The result turns out to be pretty interesting: the team which recorded more defensive rebounds won about 75% of the time. To put this in perspective, the team that recorded more field goals than the other team only wins 78.8% of the time! Try rewriting the above aggregation for other statistics, such as field goals, 3 pointers, turnovers, etc. You’ll find some rather interesting results. Offensive rebounds turn out to be a very bad predictor of which team won, as the team which recorded more offensive rebounds only won 51% of the time. 3 pointers turn out to be a very good predictor of which team won: the team which recorded more 3 pointers won about 64% of the time.

Defensive Rebounds and Total Rebounds Versus Win Percentage

Lets compute some data related to this that will be fun to graph. We’re going to compute what percentage of the time a team wins as a function of the number of defensive rebounds they recorded. This aggregation is pretty simple, all we need to do is $unwind the box score, and use $group to compute the average value of the won flag across each different defensive rebounding total.

db.games.aggregate([
  {
    $unwind : '$box'
  },
  {
    $group : {
      _id : '$box.team.drb',
      winPercentage : { $avg : '$box.won' }
    }
  },
  {
    $sort : { _id : 1 }
  }
]);

And when we graph out the results of this aggregation, we can create a nice graph which neatly shows a pretty solid correlation between defensive rebounds and win percentage. An interesting factoid: the team that recorded the fewest defensive rebounds in a win was the 1995-96 Toronto Raptors, who beat the Milwaukee Bucks 93-87 on 12/26/1995 despite recording only 14 defensive rebounds.
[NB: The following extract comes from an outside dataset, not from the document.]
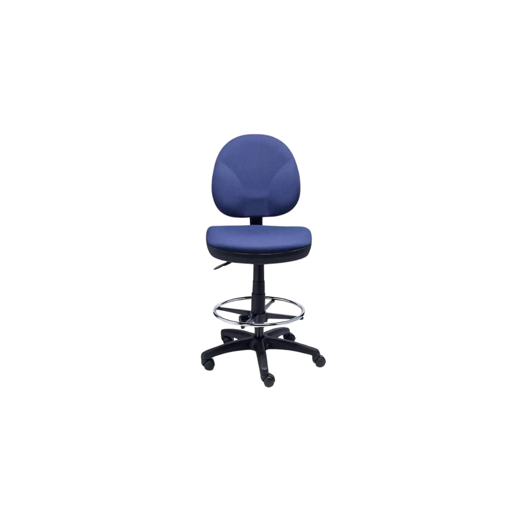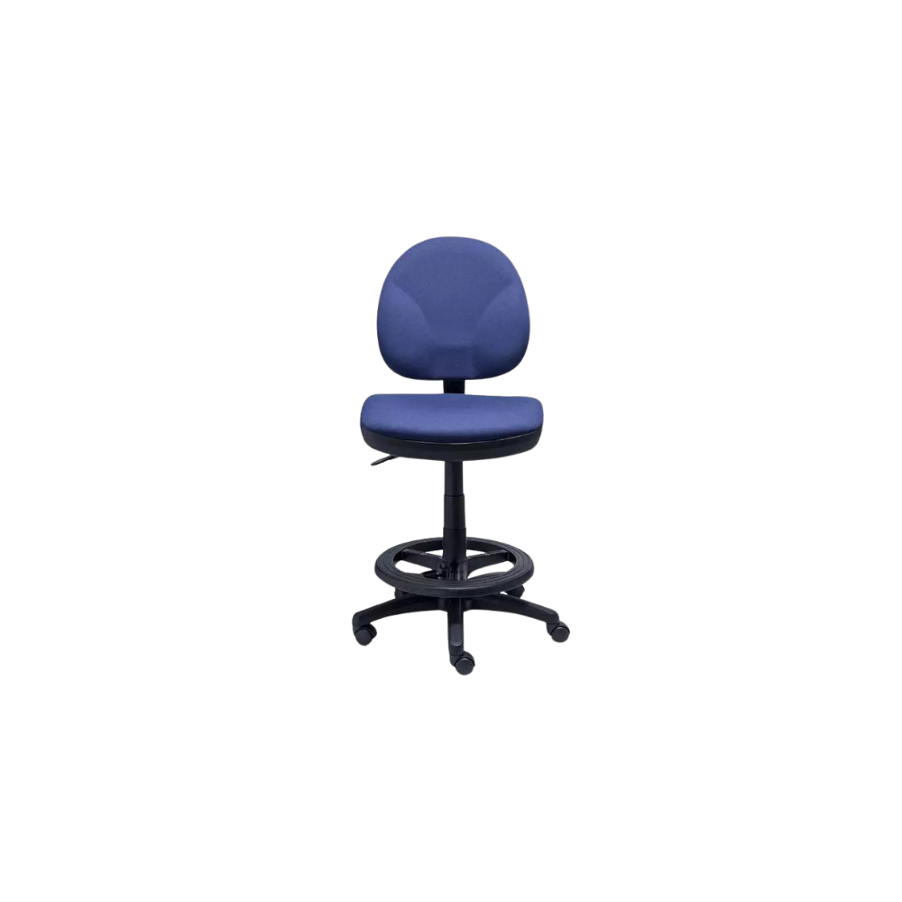 Silla de trabajo versión banco alto con diseño ergonómico. Cuenta con ajuste de altura y profundidad en el respaldo, además de un aro descansa pies. Compatible también con ciertos accesorios; descansa brazos fijos o ajustables, entre otros.

We can pretty easily modify the above aggregation to compute the same breakdown for total rebounds (TRB) versus defensive rebounds, and see if we get a different result.

db.games.aggregate([
  {
    $unwind : '$box'
  },
  {
    $group : {
      _id : '$box.team.trb',
      winPercentage : { $avg : '$box.won' }
    }
  },
  {
    $sort : { _id : 1 }
  }
]);

And in fact we do! After about 53 total rebounds, the positive correlation between total rebounds and win percentage vanishes completely! The correlation is definitely not as strong here as it was for defensive rebounds. As an aside, the Cleveland Cavaliers beat the New York Knicks 101-97 on April 11, 1996, despite recording only 21 total rebounds. Inversely, the San Antonio Spurs lost to the Houston Rockets, 112-110, on January 4, 1992 despite recording 75 total rebounds.

Conclusion

I hope this blog post has gotten you as excited about the aggregation framework as I am. Once again, you can download the data set here, and you’re very much encouraged to play with it yourself. I look forward to seeing what unique NBA analyses y’all will come up with.

Legal note: the attached data set is property of Sports Reference, LLC, and may only be used for education and evaluation under clause #1 of their terms of use. If you have not read or do not agree to Sports Reference, LLC’s terms of use, please do not download the data set.